→ TASK STATEMENT
Locate the line that contains "New Arrival Summer". Copy it and every following line through the end of the records, exactly, and include nothing else.

Items from a dataset
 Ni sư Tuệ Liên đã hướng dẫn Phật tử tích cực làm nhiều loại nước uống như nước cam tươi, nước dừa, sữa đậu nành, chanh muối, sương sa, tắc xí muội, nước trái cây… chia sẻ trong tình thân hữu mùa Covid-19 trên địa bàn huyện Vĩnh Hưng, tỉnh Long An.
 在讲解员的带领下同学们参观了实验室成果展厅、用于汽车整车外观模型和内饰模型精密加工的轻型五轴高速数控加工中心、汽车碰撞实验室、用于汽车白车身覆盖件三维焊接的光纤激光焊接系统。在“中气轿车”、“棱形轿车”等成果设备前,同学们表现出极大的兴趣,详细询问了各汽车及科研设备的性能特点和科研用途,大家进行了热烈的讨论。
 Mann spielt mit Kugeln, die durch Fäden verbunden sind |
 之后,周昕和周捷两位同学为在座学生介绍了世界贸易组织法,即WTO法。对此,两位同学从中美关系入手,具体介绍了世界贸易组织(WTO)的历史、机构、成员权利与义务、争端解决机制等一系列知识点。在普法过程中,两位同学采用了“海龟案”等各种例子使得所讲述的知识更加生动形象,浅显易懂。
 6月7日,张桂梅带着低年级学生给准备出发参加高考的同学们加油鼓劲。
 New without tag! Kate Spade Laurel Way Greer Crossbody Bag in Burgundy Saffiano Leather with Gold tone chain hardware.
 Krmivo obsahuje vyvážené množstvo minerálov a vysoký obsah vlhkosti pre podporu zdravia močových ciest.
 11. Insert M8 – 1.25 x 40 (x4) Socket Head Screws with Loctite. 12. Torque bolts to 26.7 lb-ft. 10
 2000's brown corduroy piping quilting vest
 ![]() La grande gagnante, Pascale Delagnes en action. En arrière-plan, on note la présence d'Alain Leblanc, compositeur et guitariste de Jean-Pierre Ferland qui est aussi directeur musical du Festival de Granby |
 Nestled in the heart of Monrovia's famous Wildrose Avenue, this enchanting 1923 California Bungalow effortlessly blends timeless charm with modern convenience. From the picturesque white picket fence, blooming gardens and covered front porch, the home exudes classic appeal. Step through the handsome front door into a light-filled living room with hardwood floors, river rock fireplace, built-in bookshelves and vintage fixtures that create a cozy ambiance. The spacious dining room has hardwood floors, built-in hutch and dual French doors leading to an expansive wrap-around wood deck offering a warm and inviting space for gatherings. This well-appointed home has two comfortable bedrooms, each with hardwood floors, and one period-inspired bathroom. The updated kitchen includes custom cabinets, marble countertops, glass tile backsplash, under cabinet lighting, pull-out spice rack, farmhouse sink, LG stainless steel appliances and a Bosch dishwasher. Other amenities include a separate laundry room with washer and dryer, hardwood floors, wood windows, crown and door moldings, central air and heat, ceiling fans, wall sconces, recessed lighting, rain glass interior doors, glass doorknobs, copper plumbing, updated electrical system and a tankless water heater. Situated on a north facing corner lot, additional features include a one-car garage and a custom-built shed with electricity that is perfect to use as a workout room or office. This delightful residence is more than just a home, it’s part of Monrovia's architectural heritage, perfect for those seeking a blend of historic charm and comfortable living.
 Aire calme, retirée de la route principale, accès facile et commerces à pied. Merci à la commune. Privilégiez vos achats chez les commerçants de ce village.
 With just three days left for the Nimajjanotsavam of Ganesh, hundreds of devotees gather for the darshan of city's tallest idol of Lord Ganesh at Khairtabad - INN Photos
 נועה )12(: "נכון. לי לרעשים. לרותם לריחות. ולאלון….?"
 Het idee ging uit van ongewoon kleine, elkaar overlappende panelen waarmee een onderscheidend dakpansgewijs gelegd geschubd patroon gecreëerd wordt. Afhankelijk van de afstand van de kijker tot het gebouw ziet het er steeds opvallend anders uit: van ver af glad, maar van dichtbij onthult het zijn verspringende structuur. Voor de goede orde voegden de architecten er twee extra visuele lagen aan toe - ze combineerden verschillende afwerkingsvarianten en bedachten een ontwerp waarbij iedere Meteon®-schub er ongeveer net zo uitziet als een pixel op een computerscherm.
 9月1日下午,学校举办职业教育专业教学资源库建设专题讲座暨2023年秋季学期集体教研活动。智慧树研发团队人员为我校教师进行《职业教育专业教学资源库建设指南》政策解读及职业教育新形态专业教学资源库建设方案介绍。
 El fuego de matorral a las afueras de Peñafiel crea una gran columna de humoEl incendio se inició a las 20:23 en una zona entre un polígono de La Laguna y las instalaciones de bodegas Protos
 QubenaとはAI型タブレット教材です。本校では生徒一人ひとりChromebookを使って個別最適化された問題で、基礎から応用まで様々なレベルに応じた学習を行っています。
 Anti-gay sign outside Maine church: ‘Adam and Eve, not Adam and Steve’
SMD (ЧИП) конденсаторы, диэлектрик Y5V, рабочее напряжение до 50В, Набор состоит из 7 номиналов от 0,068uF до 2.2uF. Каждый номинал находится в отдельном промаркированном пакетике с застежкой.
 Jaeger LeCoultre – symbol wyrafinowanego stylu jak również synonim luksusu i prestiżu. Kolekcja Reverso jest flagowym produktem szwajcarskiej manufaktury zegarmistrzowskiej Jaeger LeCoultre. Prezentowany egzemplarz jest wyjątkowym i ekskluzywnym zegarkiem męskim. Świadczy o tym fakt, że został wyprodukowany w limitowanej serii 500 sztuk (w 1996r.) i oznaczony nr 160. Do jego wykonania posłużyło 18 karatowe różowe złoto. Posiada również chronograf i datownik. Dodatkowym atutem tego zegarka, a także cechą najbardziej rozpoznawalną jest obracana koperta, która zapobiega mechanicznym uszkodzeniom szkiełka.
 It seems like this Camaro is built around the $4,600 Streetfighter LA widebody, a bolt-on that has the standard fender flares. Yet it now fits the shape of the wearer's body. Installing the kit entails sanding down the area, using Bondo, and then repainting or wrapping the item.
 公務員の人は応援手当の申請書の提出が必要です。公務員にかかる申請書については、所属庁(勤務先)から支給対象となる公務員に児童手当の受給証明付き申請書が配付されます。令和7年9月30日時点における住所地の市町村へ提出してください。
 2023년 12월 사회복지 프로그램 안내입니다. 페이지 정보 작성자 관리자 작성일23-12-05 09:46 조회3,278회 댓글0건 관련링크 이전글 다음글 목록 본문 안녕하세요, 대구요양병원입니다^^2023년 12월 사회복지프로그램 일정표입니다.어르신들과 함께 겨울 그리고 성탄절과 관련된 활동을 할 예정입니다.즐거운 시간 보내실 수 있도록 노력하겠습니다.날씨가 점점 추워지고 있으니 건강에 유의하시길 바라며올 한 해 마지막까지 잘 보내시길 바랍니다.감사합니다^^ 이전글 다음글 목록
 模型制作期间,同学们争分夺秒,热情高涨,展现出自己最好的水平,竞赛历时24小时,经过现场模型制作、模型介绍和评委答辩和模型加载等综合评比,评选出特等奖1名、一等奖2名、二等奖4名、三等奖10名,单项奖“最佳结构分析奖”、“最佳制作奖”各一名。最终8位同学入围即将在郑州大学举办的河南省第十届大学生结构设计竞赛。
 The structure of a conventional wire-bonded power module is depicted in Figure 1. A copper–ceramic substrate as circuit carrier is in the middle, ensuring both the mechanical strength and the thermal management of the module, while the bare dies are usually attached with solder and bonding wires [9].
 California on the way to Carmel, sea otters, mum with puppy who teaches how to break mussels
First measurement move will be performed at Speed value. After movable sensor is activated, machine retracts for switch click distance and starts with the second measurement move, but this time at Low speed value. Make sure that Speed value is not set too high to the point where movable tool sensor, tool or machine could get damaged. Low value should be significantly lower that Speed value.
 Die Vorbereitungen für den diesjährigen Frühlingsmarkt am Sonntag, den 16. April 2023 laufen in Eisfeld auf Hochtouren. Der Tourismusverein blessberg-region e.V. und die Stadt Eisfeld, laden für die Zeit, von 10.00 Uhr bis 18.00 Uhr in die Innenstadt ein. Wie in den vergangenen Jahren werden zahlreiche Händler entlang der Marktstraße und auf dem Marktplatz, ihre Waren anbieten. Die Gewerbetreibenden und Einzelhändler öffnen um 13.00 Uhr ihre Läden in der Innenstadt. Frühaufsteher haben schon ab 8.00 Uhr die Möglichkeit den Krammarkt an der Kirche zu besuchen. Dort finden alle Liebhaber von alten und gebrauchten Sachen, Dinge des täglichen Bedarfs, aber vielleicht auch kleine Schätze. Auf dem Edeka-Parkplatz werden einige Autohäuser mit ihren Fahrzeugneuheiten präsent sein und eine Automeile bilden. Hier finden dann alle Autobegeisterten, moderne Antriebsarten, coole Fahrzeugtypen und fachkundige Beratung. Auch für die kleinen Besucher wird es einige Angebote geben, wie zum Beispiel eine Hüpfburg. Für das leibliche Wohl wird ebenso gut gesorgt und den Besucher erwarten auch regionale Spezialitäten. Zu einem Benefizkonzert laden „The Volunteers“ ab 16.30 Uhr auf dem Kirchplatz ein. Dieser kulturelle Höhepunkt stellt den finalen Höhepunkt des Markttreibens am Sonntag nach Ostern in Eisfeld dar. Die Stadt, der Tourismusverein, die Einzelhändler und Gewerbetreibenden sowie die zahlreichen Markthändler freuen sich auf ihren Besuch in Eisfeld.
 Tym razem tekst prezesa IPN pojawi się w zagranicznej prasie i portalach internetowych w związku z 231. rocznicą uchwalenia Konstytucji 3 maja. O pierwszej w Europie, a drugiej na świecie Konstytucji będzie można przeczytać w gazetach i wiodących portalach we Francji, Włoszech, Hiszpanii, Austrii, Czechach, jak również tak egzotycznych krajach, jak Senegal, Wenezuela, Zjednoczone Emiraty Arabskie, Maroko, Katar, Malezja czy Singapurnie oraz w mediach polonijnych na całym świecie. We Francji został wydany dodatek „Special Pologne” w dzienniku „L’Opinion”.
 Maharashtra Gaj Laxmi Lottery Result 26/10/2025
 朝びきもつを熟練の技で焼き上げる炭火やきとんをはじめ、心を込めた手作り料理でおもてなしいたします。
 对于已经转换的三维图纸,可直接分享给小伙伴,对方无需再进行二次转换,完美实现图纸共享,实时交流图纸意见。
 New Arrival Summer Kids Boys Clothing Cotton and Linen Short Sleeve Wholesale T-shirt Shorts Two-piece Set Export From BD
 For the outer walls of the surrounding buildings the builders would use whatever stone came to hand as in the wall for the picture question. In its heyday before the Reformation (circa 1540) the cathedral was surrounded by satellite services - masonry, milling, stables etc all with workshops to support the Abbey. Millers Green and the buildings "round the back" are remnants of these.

→ WRITTEN SOLUTION
 New Arrival Summer Kids Boys Clothing Cotton and Linen Short Sleeve Wholesale T-shirt Shorts Two-piece Set Export From BD
 For the outer walls of the surrounding buildings the builders would use whatever stone came to hand as in the wall for the picture question. In its heyday before the Reformation (circa 1540) the cathedral was surrounded by satellite services - masonry, milling, stables etc all with workshops to support the Abbey. Millers Green and the buildings "round the back" are remnants of these.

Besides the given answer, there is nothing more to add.